The Caves Monastery is not very large. These are limestone bluffs with seashells in the layers so it is easy to dig out caves. The monastery has 17 monks now and a wall of affiliations with other monasteries and churches throughout the world. Each one has a small inset on the plaque with dirt in it from that church or monastery. The chapel is quite small but lovely. As we are leaving a group of about 40 older people filed up the stairs and into the chapel for a service.
cave city
My guide tells me that there is a cave city that is about a 20 minute walk from here and it is a good one and the easiest one to reach as the path is paved. My feet aren’t hurting yet so I say let’s go. What he neglects to tell me is that the path is only paved part way and the entire way is uphill. The last half to the city gate is all rocky and steeper at the end. As we go he tells me a story of one of his clients who weighed 225 kgs but wanted to get up there so climbed slowly and made it. How could I possibly turn back after that story?
silk road between limestone cliffs
We made it to the gate which was cleverly hidden around turns so a battering ram could not be used to breach the gate. Into the city and to see any of the caves, there is more "up" over more steep rocks and wagon ruts in the path. I gamely follow him. There are school holidays now so there are several groups of mixed age children roaming the cave city. My guide takes me to the viewpoint so we can look down upon the old Silk Road snaking through the limestone bluffs. I didn’t need translation to know the teachers were forbidding their students to get close to the edge.
We wander through the city and look at some of the buildings that are standing, a couple of Knessets, a mausoleum, and the first wall. The Tartars had built this city or rather they were good fighters but not good builders so they hired the Crimea people to build the city but refused to let them live inside the city walls. The Crimea people weren’t dumb so they built them a wall but then built themselves a second wall to protect their homes. The Tartars were fine with this because they now had two walls to stay behind.
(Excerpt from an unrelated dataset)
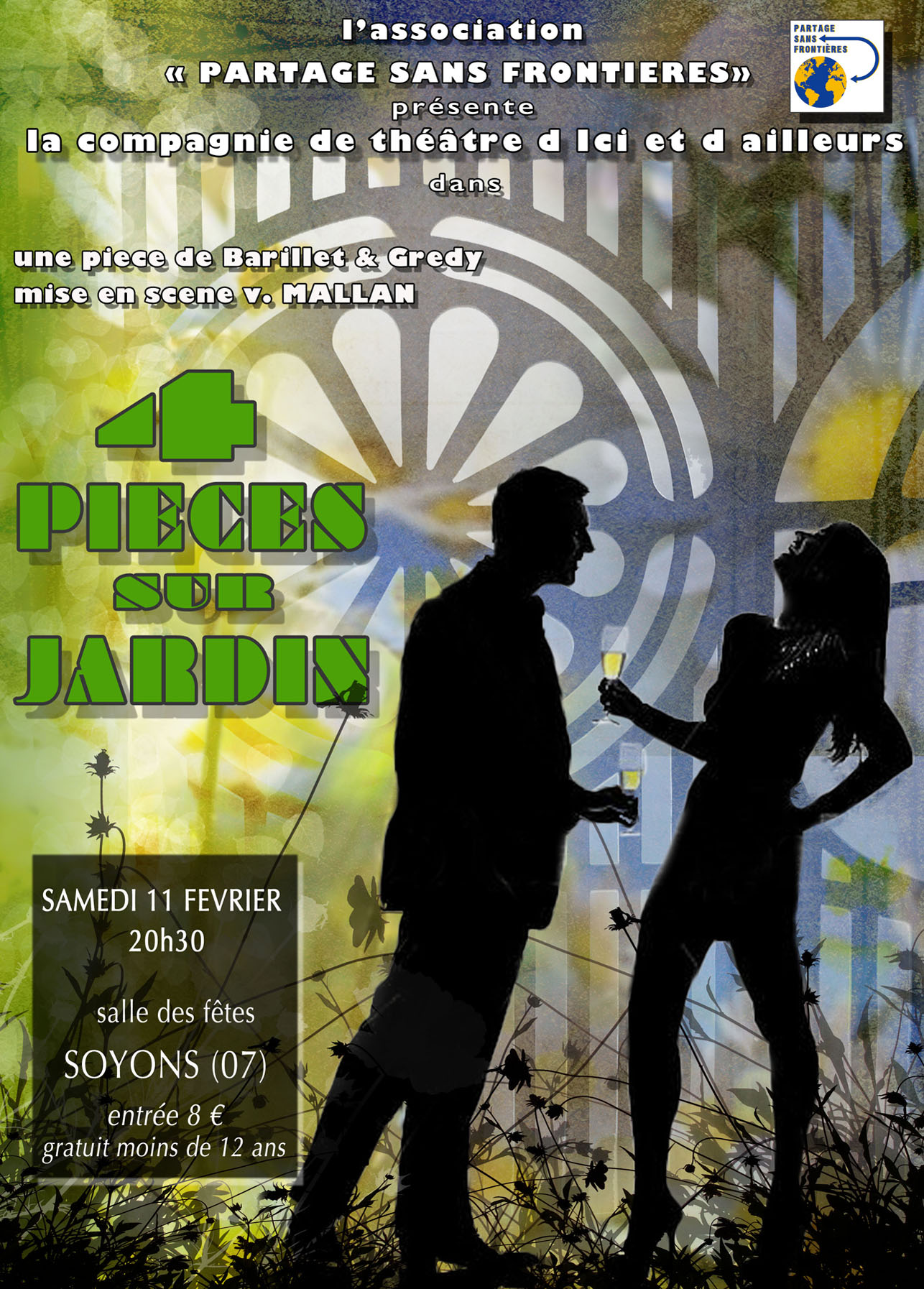 Ouvrir la photo La compagnie "d'Ici et d'ailleurs" a la gentillesse de venir jouer au profit de Partage Sans Frontières leur nouvelle création : 4 pièces sur jardin de Barillet & Gredy, avec une mise en scène de Véronique Mallan. L'entrée est fixée à 20h30 le 11/02/2017 à Salle des fêtes de Soyons (07)

weeping fountain and Pushkin
We go into the largest cave which the students are standing in and hollering to get the echoes. Finally it is time to head back down to the car and we pass several vendors who daily make this climb to be close to the cave city and sell their goods.
We are now able to visit the palace which he warned me would not be as nice as Topkapi Palace in Istanbul. This was a small palace that was mostly a museum now but it did have some lovely fountains including a weeping fountain that Pushkin wrote a poem about and all the students must learn this poem in school. Also a very nice Muslim cemetery. It didn’t take long to visit the palace and as my legs were still jelly from the climb up and down the mountain, I declined going up more stairs to view the art museum which he said didn’t have much.
Now he asks if I want to go directly to my apartment in Sevastopol or take a country road drive and have some lunch at a Crimean Tatars restaurant. I opt for this and we go driving through the country past the location of the Charge of the Light Brigade. I am going to have to bone up on my Crimean War history. The restaurant had good food but we had to sit at a short table and “lounge” at the table which I can’t do with my arthritis so I wasn’t able to eat all my food because it was too painful and uncomfortable for me. My guide had them put the rest of my lunch in a doggy bag but I wasn’t able to bring home the rest of my soup which is sad because it was very good.
A stop at the grocery store so I will have some breakfast and then to the apartment. I am staying in a beautiful 2 bedroom apartment that has a lovely view out the back of the dry docks. However, where I had too much heat in Kiev and Kharkov, here I have no heat yet as they haven’t turned on the city heat. Luckily there is a small unit for air conditioning but also does heat. So I have deserted the living room and am holed up in the bedroom where it is warm, probably too warm now to sleep. It’s either too hot or too cold for me most of the time. And I had counted on the warm radiators to dry my laundry.